As inflexibly reverent to the tropes of noir as it is to the stealth games of the past. 

But, here’s the problem with traditional stealth games: the reward of successfully ghosting through enemy traps is usually outweighed by the frustration of learning how to exploit rigid, computerized patterns. Third Eye Crime is an experience built on repetition—on playing the first minute of a level over and over again because a minor slip-up led to immediate defeat. It is a game where the player feels like a god for slinking straight across a perilous level, but has usually only been able to pull this off by restarting that same level a number of times beforehand. If the story was a bit more interesting there might’ve been a bit of salve for this kind of annoyance, but the noir plot is as inflexibly reverent to the tropes of that genre as it is to the stealth games of the past. Rothko’s story is a boilerplate drag full of unsurprising plot twists and rote characters. The Sin City-style comic sections that convey this straightforward tale of dangerous dames and shady politicians are similarly uninspired—they’re just competent reproductions of an aesthetic that everyone’s seen before.   

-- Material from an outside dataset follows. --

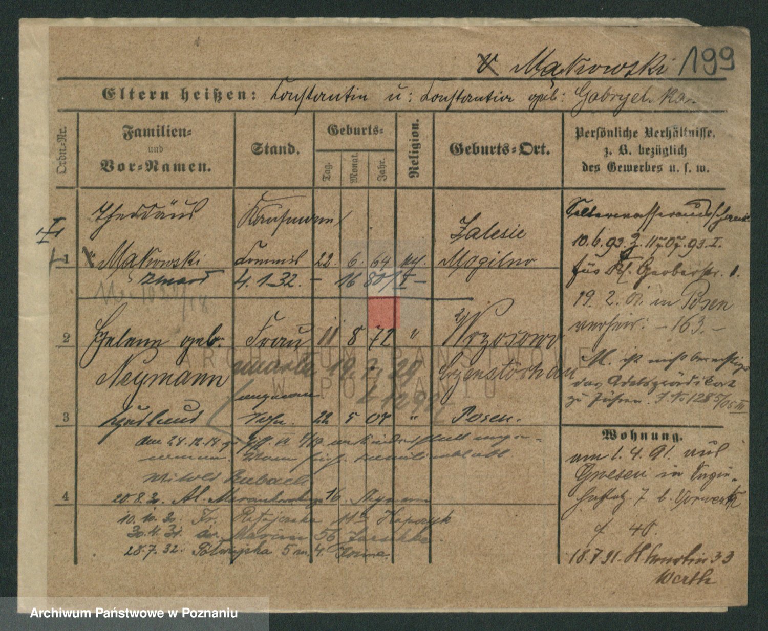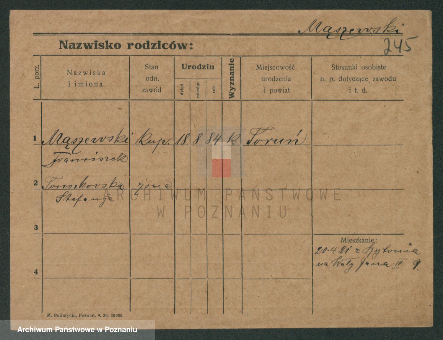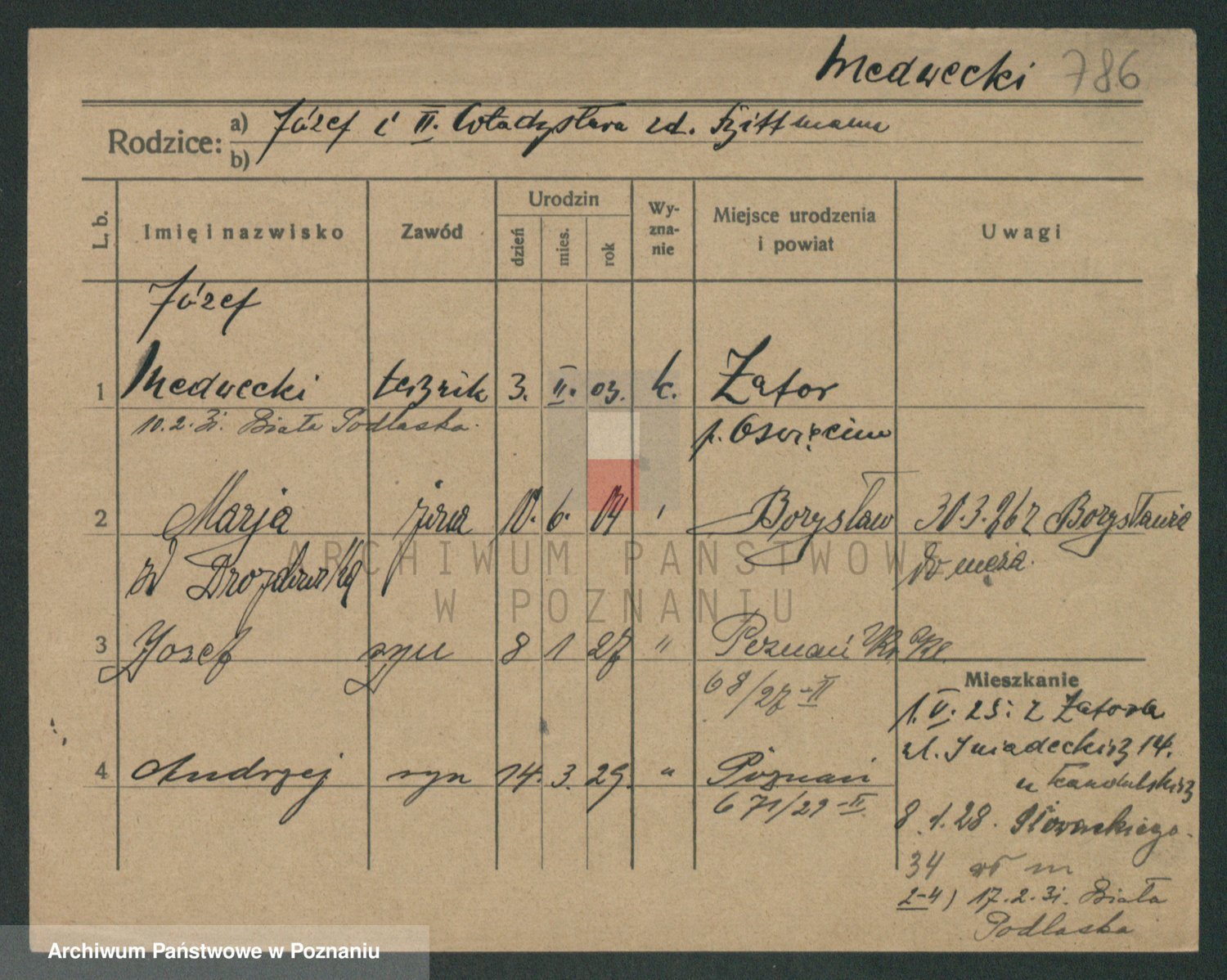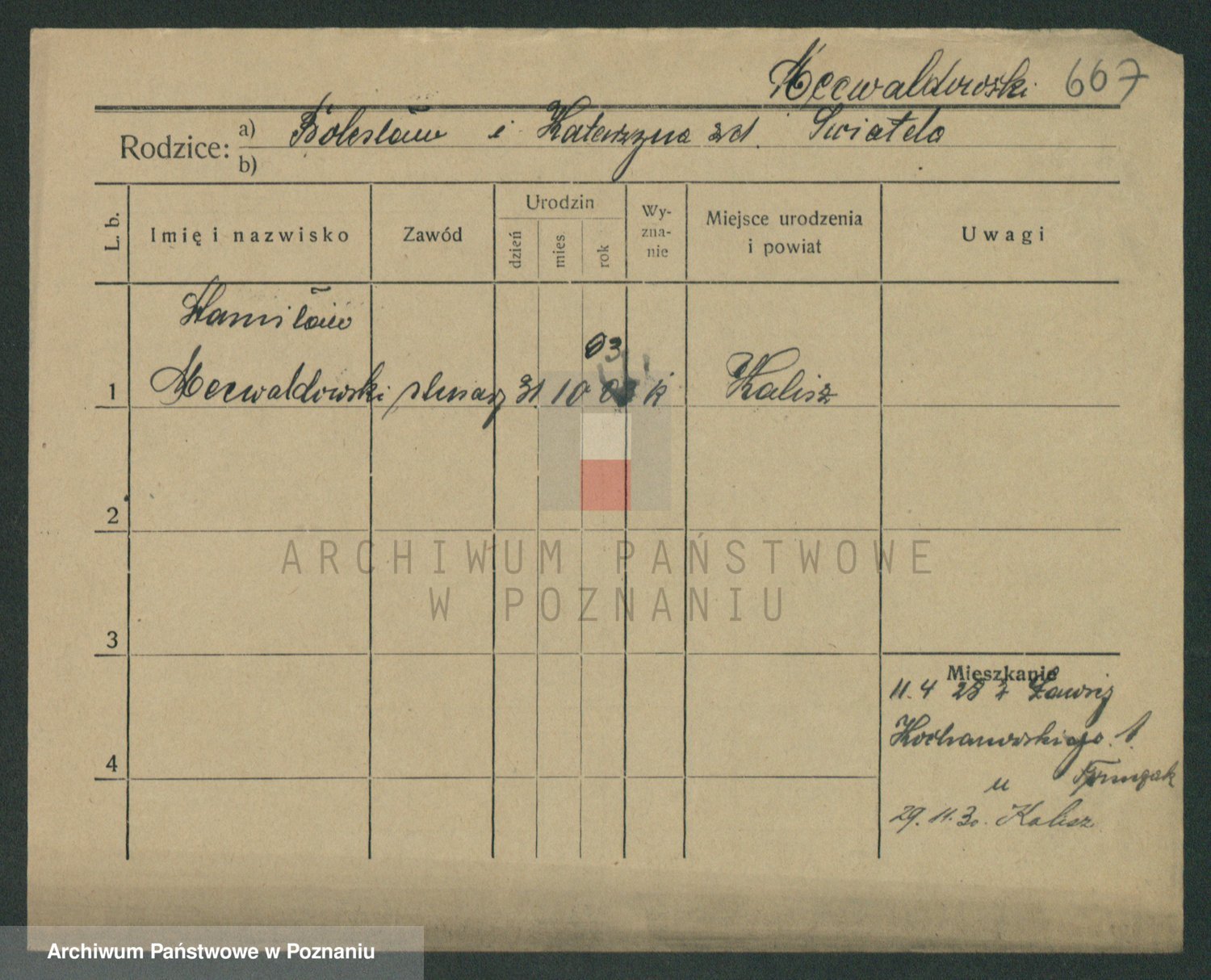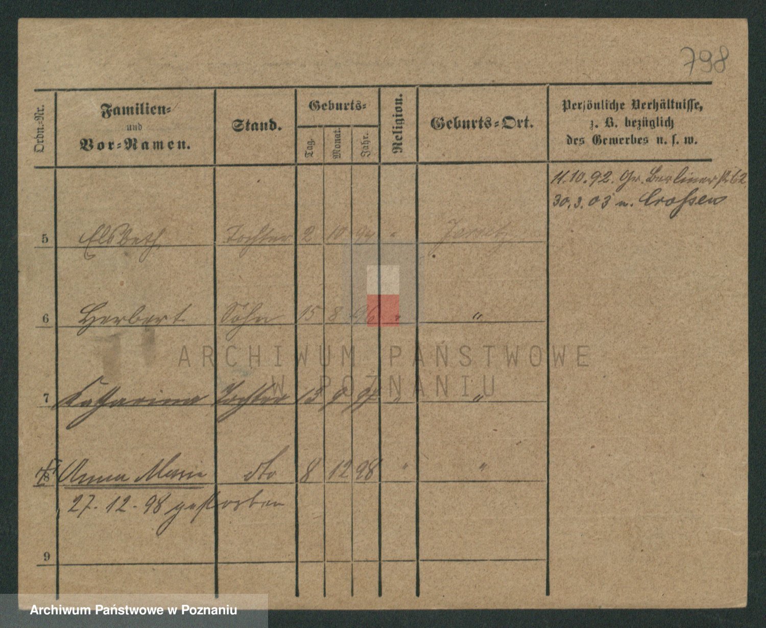 Podgląd karty osobowej dostępny jest po kliknięciu na nazwisko lub ikonkę karty. Można dokonywać powiększenia (ikony na górze) lub przechodzić między kolejnymi skanami (strzałki po bokach).

Third Eye Crime offers noir and stealth game staples as they are and is content to let the strength of past accomplishments in these genres speak for themselves. This doesn’t seem like the greatest approach, given the value that innovation brings to well-worn experiences. In recent years stealth games have been (pretty successfully) redefined by developers like Klei Entertainment, Pocketwatch Games, and Arkane Studios. While there is a place for traditionalism in design, time only moves forward. Stubborn adherence to the modes of the past only goes so far. Third Eye Crime would be a better game for recognizing this.